The updated strategy will try to improve the chances of prosecuting terror suspects arrested in Britain by bringing into force powers to allow suspects to be questioned after they are charged.
The home secretary said this would allow police and prosecutors to build a more robust case against suspects where further substantial evidence emerged after the 14-day limit within which those arrested for terrorism must be charged or released.
A fresh effort is to be made by a Privy Council group to find a practical way of enabling intercepted evidence from calls and emails to be put before a jury without compromising intelligence sources.
May said a combination of factors – including the Arab spring and the death of Osama bin Laden – has reduced the immediate threat from al-Qaida.

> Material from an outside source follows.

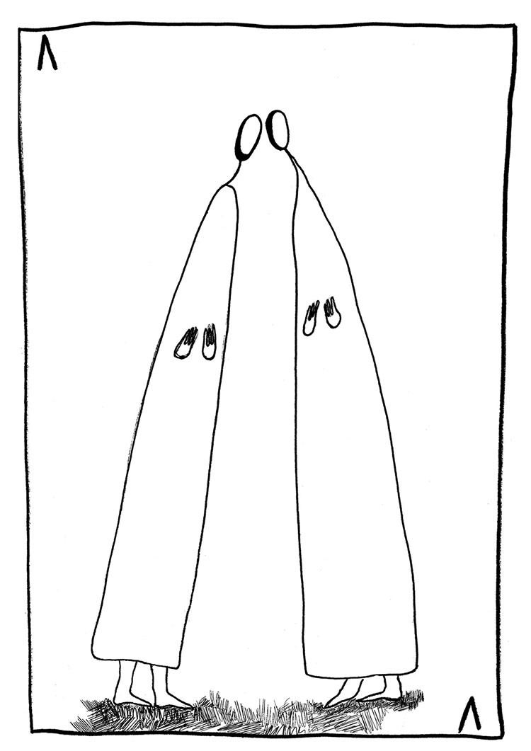 – Смотрите… или мне кажется? У прохожих на лбу какие-то шишки. Градом побило?

But she said there remained a serious threat to Britain from associated groups based in countries such as Yemen, Somalia and Nigeria and from "lone wolves" backed by substantial computer attacks – known as "cyberjihad".
The new strategy identified the rapidly changing technological environment in which terrorism is operating. May, in a speech to the Royal United Services Institute, said online technology, such as Google Earth and Street View, was increasingly being used for attack planning.

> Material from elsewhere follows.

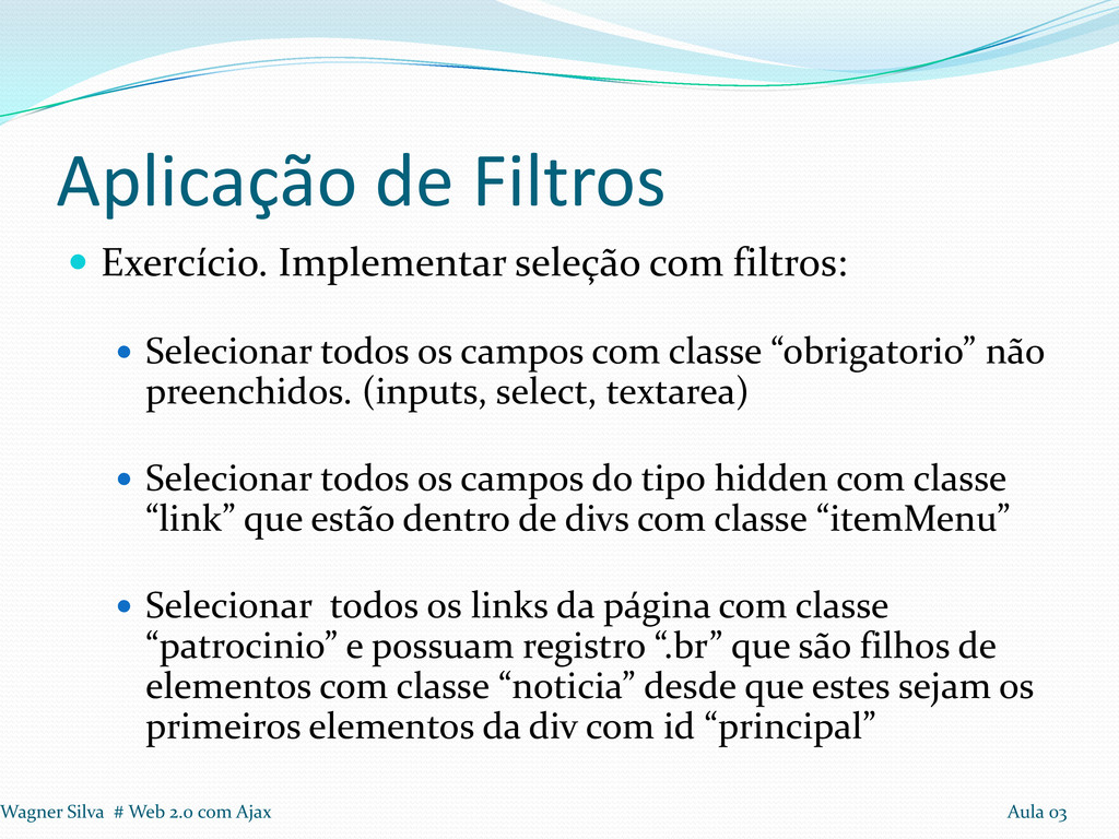 Selecionar todos os campos com classe “obrigatorio” não preenchidos. (inputs, select, textarea) Selecionar todos os campos do tipo hidden com classe “link” que estão dentro de divs com classe “itemMenu” Selecionar todos os links da página com classe “patrocinio” e possuam registro “.br” que são filhos de elementos com classe “noticia” desde que estes sejam os primeiros elementos da div com id “principal” Wagner Silva # Web 2.0 com Ajax Aula 03

"Ahead of its attempted aviation attacks, al-Qaida in the Arabian peninsula used commercial systems to allow air mail to be tracked in real time – we can speculate that this was to detonate a device over a particular city, to maximise casualties, or perhaps over a particular country, to maximise the political fallout," she said of the Christmas day Detroit-bound airline attack in 2009.
She added that "peer to peer networks" were being used to distribute files and information rapidly and securely. Cloud computing, which allows material to be encrypted and configured to work with mobile devices, offered a new means of distributing information and left little or no trace of the data.
The new document confirms the government's intention to bring forward new legislation to regulate the ability of the security services and the police to access such communications data and track the use of mobiles, email and other such data transfers.
But the home secretary confirmed in a Home Office briefing that the legislation to introduce what has been called the "interception modernisation programme" would not be introduced this year. She said the parliamentary timetable was already crowded. This meant that this particular ambition of the Office of Security and Counter-Terrorism, based in the Home Office, will remain a medium-term rather than an immediate objective.
May said: "We will also respond to recent threats to aviation security with new scanning technology, new watchlisting, new non-fly procedures and a new push, which I am leading within Europe, to use passenger name records to track terrorist travel."
The home secretary has persuaded EU home affairs ministers to back her over Europe-wide plans to track and store the travel details, including credit cards, of all passengers on "high-risk" routes within and to and from Europe.
She has been involved in similar agreements to track and store for up to 15 years such personal travel details of those flying to and from the US and Australia. The civil liberties implications have provoked strong protests from the European parliament.